L’idiot était né, avait été élevé, et avait passé sa vie dans un rayon si étroit, que le déracinement d’un des chênes de Mellish Park aurait été un travail moins pénible et moins lent que de rompre les nœuds de l’habitude qui retenaient le grossier serviteur dans le voisinage de la maison dont il avait si longtemps fait partie. Mais maintenant que son occupation à Mellish Park était finie pour toujours et que son maître, l’entraîneur, était mort, il était seul dans le monde et il avait besoin de chercher une nouvelle position.

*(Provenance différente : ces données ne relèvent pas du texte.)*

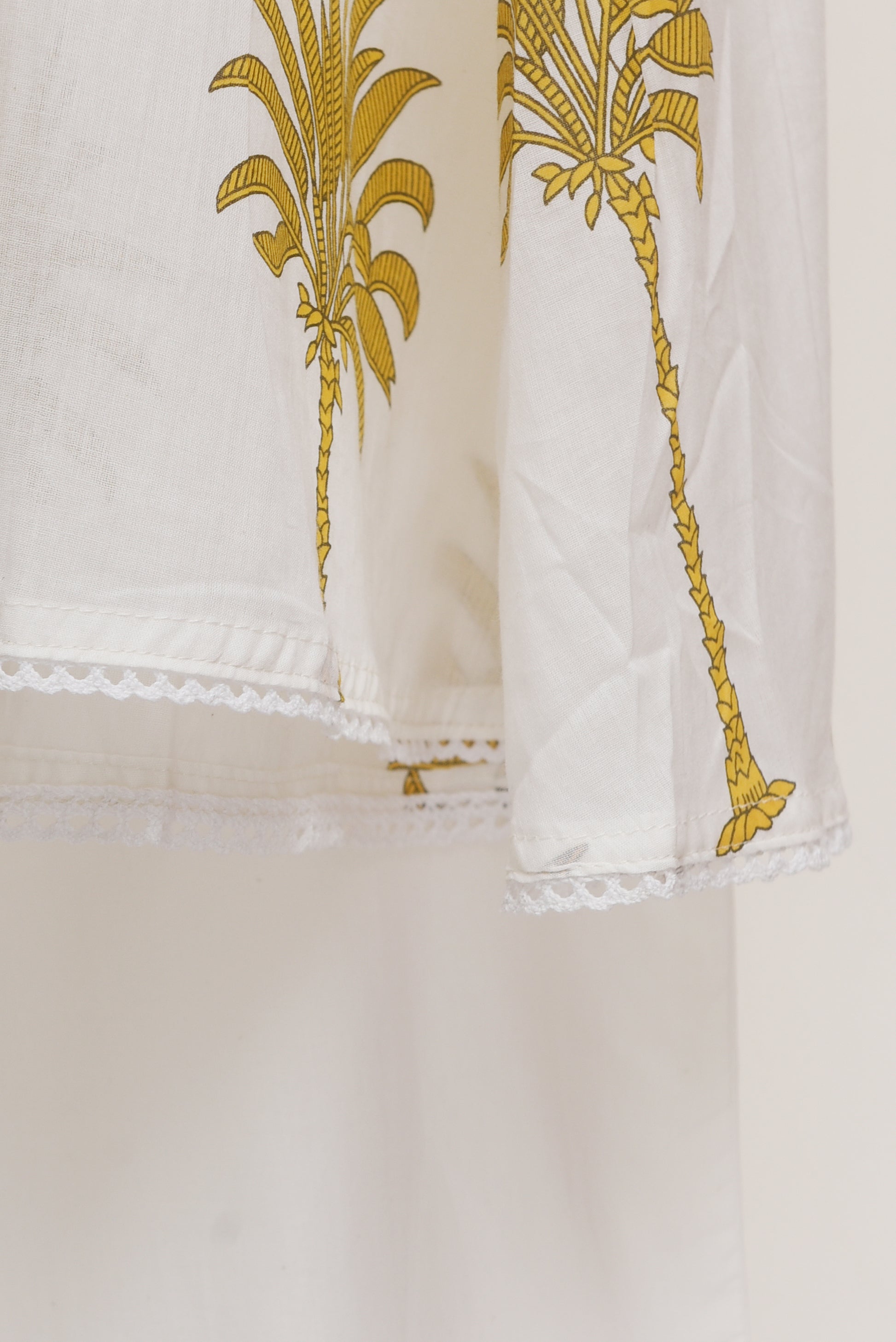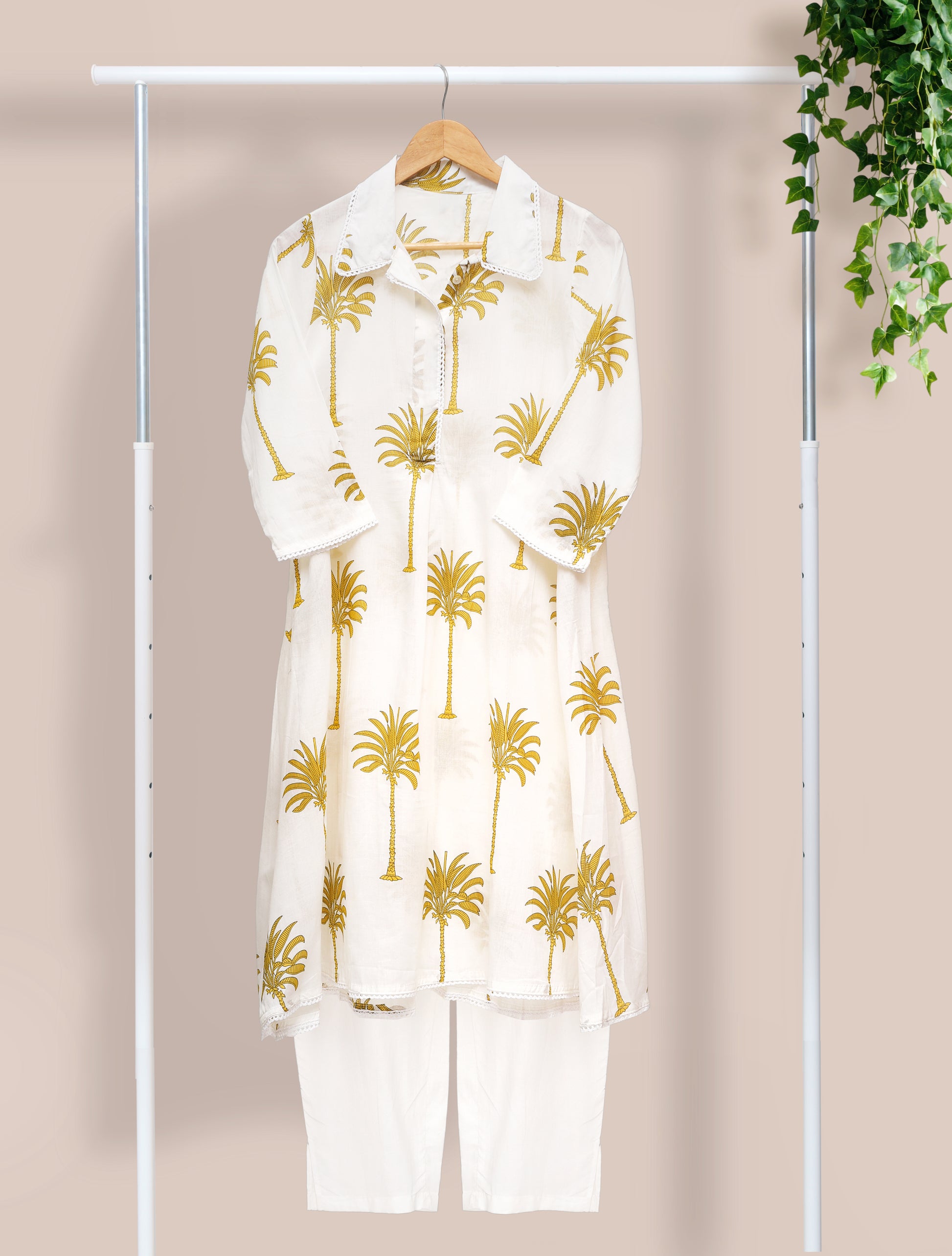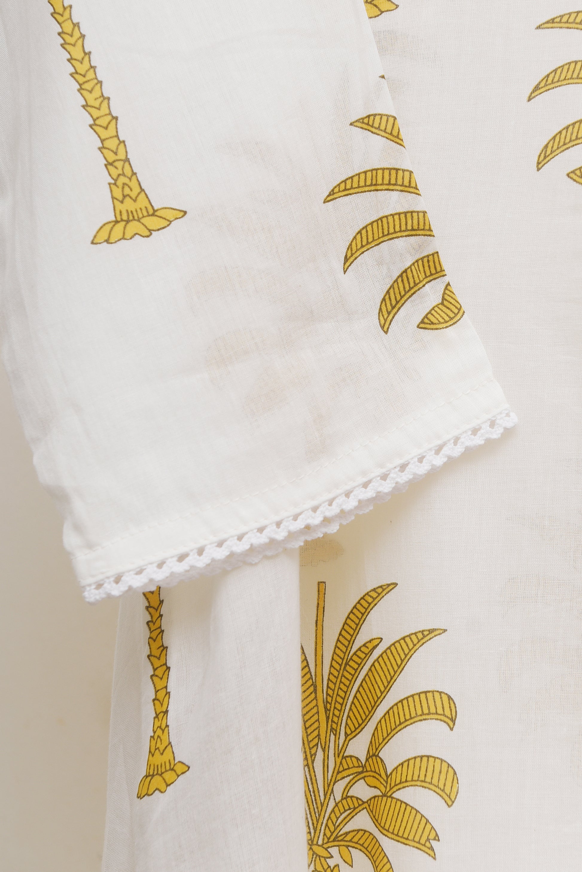 Meher Aabroo is a relaxed yet luxurious co-ord set in soft mul cotton, blending comfort with effortless style. The top features a casual collar and an easy, loose-fitting silhouette, adorned with lace detailing along the collar, sleeves, and hem for a touch of refinement. Its tropical-inspired print adds a breezy charm, perfectly balanced by the plain bottoms that lend sophistication to the overall look. For those who seek luxury, comfort, and style in equal measure, Meher Aabroo is the perfect pick.

Mais il semblait y mettre peu d’empressement. Ce n’était pas un individu très-prévenant, il faut se le rappeler, et il n’était pas fait pour rendre beaucoup de services. Quoique ayant dépassé la quarantaine, il était généralement regardé comme un jeune homme qui s’entendait aux chevaux, et cette qualification est ordinairement suffisante pour procurer à n’importe qui une occupation dans les environs de Doncastre. L’idiot semblait cependant se tenir à l’écart des gens qui le connaissaient et qui auraient pu le recommander : et lorsqu’on lui demandait pourquoi il ne cherchait pas une position, il faisait des réponses évasives et disait quelquefois qu’il avait fait quelques épargnes à Mellish Park et qu’il n’aurait pas besoin de vivre aux dépens de la paroisse s’il restait une semaine ou deux sans ouvrage.

Mellish était si bien connu comme un maître généreux, Que personne ne fut surpris de la chose. Hargraves avait sans doute fait de jolies petites prises dans cette maison libérale. L’idiot allait donc sans qu’on lui fît de questions, rôdant par la ville d’une manière misérable, passant la moitié du jour et de la nuit dans la salle d’une auberge, buvant d’une manière triste et sauvage, qui lui était particulière, et ne se liant avec personne.